De Renault 4, gelanceerd eind jaren 50, was bedoeld voor een nieuwe generatie stedelingen die zich in de voorsteden vestigden en een compacte, veelzijdige auto nodig hadden met meer ruimte en comfort. Met een grotere en krachtigere 4-cilinder motor van 27 pk en een praktische vijfdeurs achterklep onderscheidde de R4 zich als modern, functioneel en geschikt voor dagelijks gebruik, bijvoorbeeld voor boodschappen. De carrosserie van de Renault 4 leek op een kleine bestelauto, waarmee het model een lange productieperiode kende van 1961 tot 1993, waarin meer dan 8 miljoen exemplaren werden gemaakt.
In een vergelijkende test uit 1968 rijden zowel een Nederlandse Citroën 2CV AZAM 6 uit 1966 als een Renault 4L Export, ook uit 1968, mee. Hoewel de Renault motorisch sterker is, weet de lichtere en eenvoudig te bedienen 2CV verrassend vlotter te zijn. De bediening van de 2CV is eenvoudiger en intuïtiever, wat bijdraagt aan het rijplezier. De Citroën straalt een ontspannen karakter uit: zachte stoelen, een open rolbaar canvas dak en een typische gierende motor maken van elke rit een beleving. De Renault 4 daarentegen is rustiger en traditioneler in zijn weggedrag en beoogt vooral betrouwbaarheid en veelzijdigheid.
Qua binnenruimte verschillen de twee weinig van elkaar, maar het zitcomfort van de 2CV is vooral passief en uitnodigend om rustig te genieten van de rit. De Renault 4 wordt omschreven als de geordende en volwassen stadsauto, terwijl de Citroën 2CV het excentrieke en speelse karakter bezit van een eigenzinnige rebel op wielen.

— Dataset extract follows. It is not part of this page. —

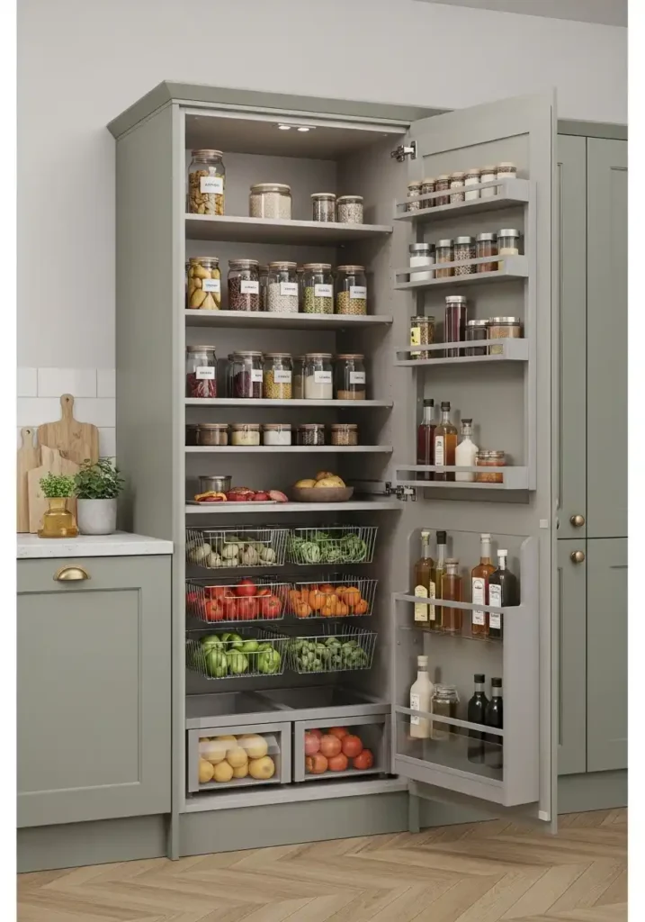 The pull-out shelf inserts within the tall larder module are the internal components of greatest practical consequence — because shelves that extend fully beyond the larder’s cabinet opening when pulled out make every item stored in the larder’s full depth simultaneously visible and simultaneously accessible without any reaching, rummaging, or removal of front items to access rear ones. This quality of complete, immediate, effortless accessibility to every stored item in a fully stocked larder creates a daily cooking experience of such genuine organizational pleasure and genuine culinary inspiration that a kitchen without a tall larder module always feels comparatively inadequate by contrast.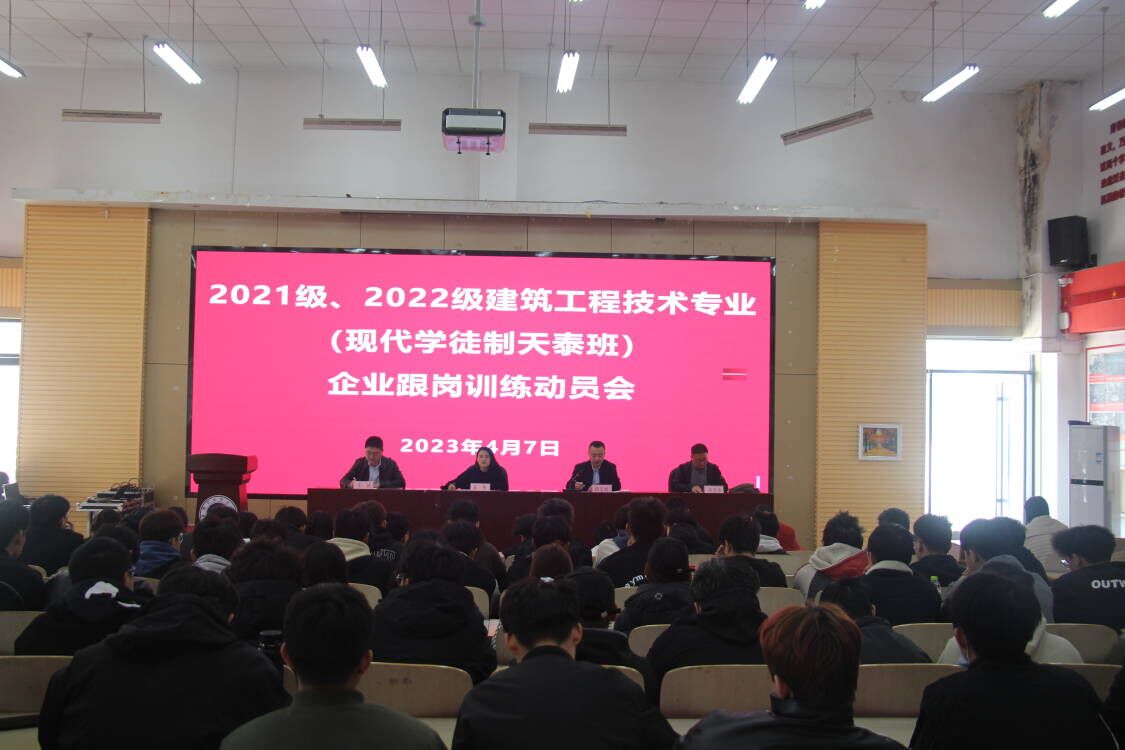 4月7日上午,建筑工程系2021级和2022级建筑工程技术专业(现代学徒制天泰班)企业跟岗训练动员大会在海润楼二楼报告厅召开。日照天泰建筑安装工程有限公司行政中心主任石伟、工程中心主任王斌、行政中心人资部人事主管郑玉梅、直属分公司工程科科长王培瑞,建筑工程系建筑工程技术专业教研室主任许崇华、学生实习管理负责教师姜长磊以及班主任冯伟、朱波和2021级2022级“天泰班”的学生参加动员大会。会议由建筑工程系副主任杨志刚主持。

De Citroën 2CV bleef tot 1990 in productie met een totaal van ongeveer 4 miljoen stuks, inclusief 1,3 miljoen besteluitvoeringen. De motor groeide in capaciteit en vermogen door de jaren heen, maar bleef trouw aan zijn eenvoudige, luchtgekoelde tweecilinder boxermodel. De Renault 4 voerde met zijn torsiestaafvering en praktische ontwerp een ommekeer door in Renaults strategie en diende als voorloper van latere compacte gezinsauto’s.
Beide auto's zijn iconen van hun tijd en belichamen op unieke wijze het Franse autodenken van de naoorlogse periode: de 2CV als minimalistische, vrolijke begeleider van het plattelandsleven, en de R4 als praktische, moderne partner voor de veranderende maatschappelijke mobiliteit. Hun nalatenschap is nog steeds zichtbaar en gekoesterd binnen de klassiekerwereld.